• Social Innovation Fellowship
Lauren
Maunus

Concentration 

Environmental Studies

Award Year 

2016
Food For Farmworkers

San Fernando Valley, California
Food for Farmworkers challenges the economic and locational barriers that typically prevent agricultural food desert communities from accessing healthy food. We purchase surplus produce at below market price from farmers in Salinas Valley and then sell the low priced produce to food insecure farmworker communities via a mobile market operation. Food for Farmworkers synergistically reduces food waste, thus decreasing greenhouse gas emissions, feeds farmworkers and their families healthy food, compensates farmers for their surplus produce, and engages communities in healthy eating.

Website

LinkedIn 

Martin County, Florida, my home for 16 years, is the embodiment of contradiction. It is rich with beautiful beaches and home to many of the nation’s wealthiest, yet is comprised of some of the highest percentages of migrant workers and human traffickers in the country. As I strolled through the hallways at my high school, this disparity in socio-economic status was strikingly apparent. Many of my classmates and their families subsisted on subminimum wage agricultural labor and were often marginalized within society. Through my unique upbringing, as well as my experiences writing public health and food safety legislation and advocating within our political system, organizing with the Coalition of Immokalee Workers, managing a soup kitchen, launching a food waste awareness project, living a vegan lifestyle, and, most recently, starting a social venture to tackle food waste and insecurity, it has become vividly clear to me that we are all connected to a deep-rooted supply chain, especially within our industrial food system. With every purchase we make and every bite we take, we are choosing to either promote justice or to perpetuate exploitation. As an Environmental Studies concentrator pursuing the Land, Water & Food Security track, I am actively striving to incorporate my deep understanding of the implications of our industrial food system both on the environment and on society. I am working to employ my knowledge in order to give voice to those who are most at risk of climate change and environmental injustices.
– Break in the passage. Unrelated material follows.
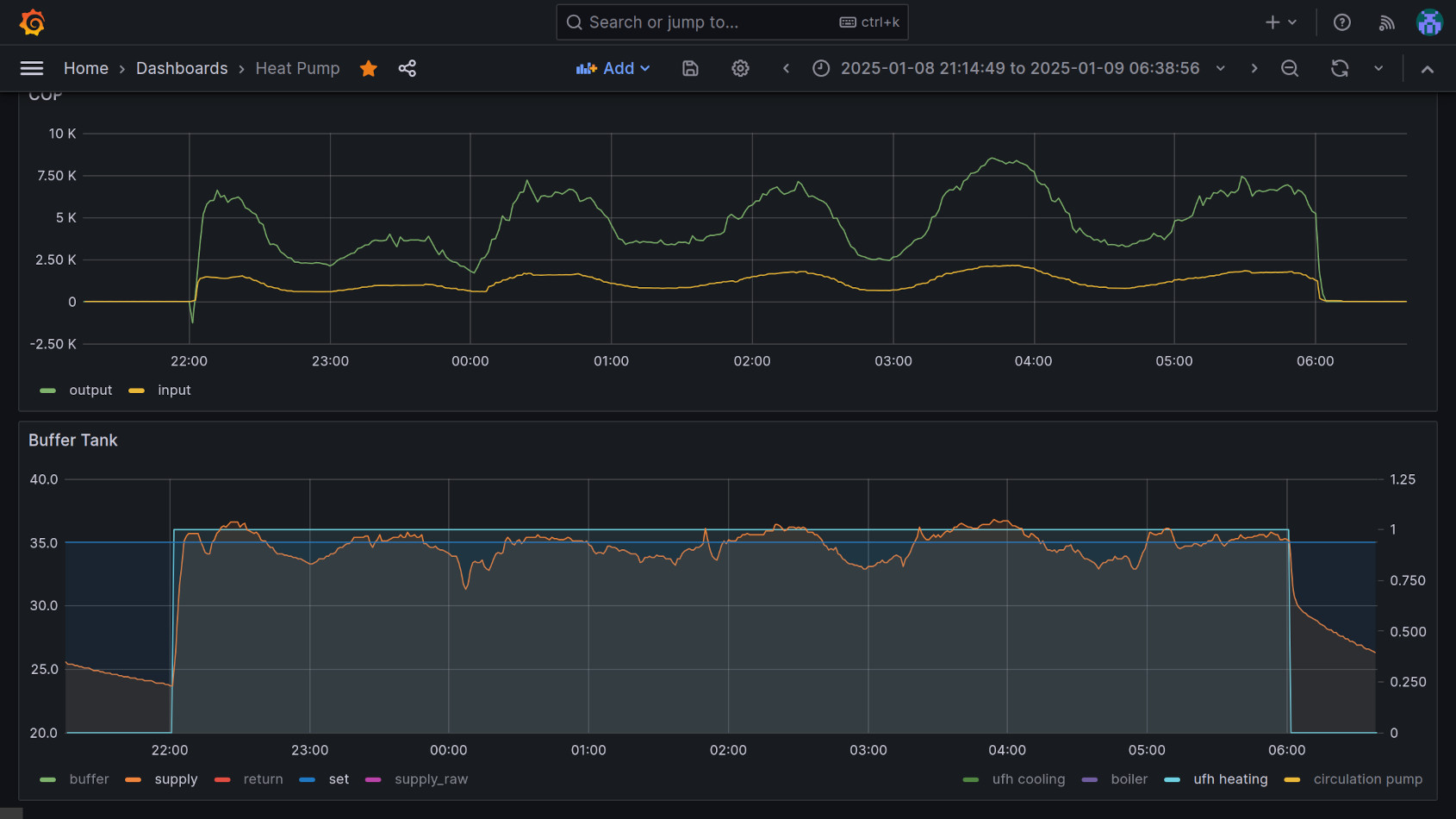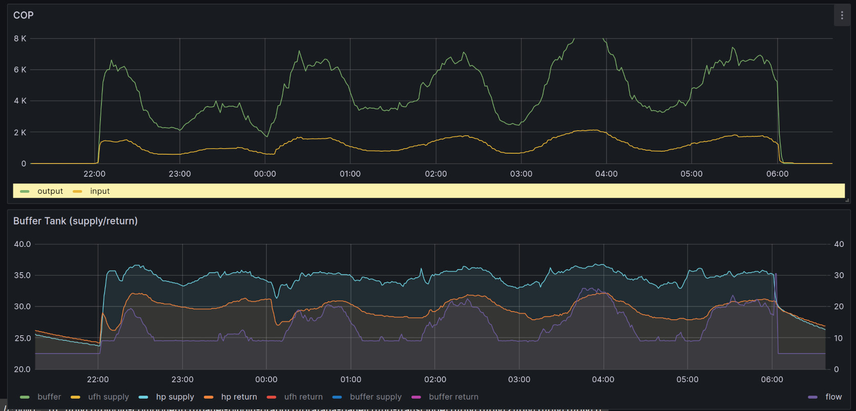 Ей ти две графики от мойта дето се виждат температурите дето подава, температурата дето се връща към нея и дебита на помпата. И е видно как си намаля мощността, за да поддържа постоянна температура на изхода. Това е от последните топли дни, че сега дефроста бърка картинката.

I look forward to expanding my knowledge and first-hand experiences in local food systems throughout the Fellowship and anticipate the Fellowship will serve as an important foundation for my future educational and career goals. In addition to pursuing an AB in Environmental Studies, I am also working to receive a certificate in the Engaged Scholars program in order to participate in another “high-impact learning experience and collaborative educational partnership that addresses major social challenges and produces tangible public benefits.” I plan to study abroad through the experiential, field-based School for International Training’s Rethinking Food Security: Agriculture, People, and Politics program. After Brown, I foresee joining Green Corps to further my engaged educational experience prior to attending graduate school and committing my career to promoting environmental justice and sustainability.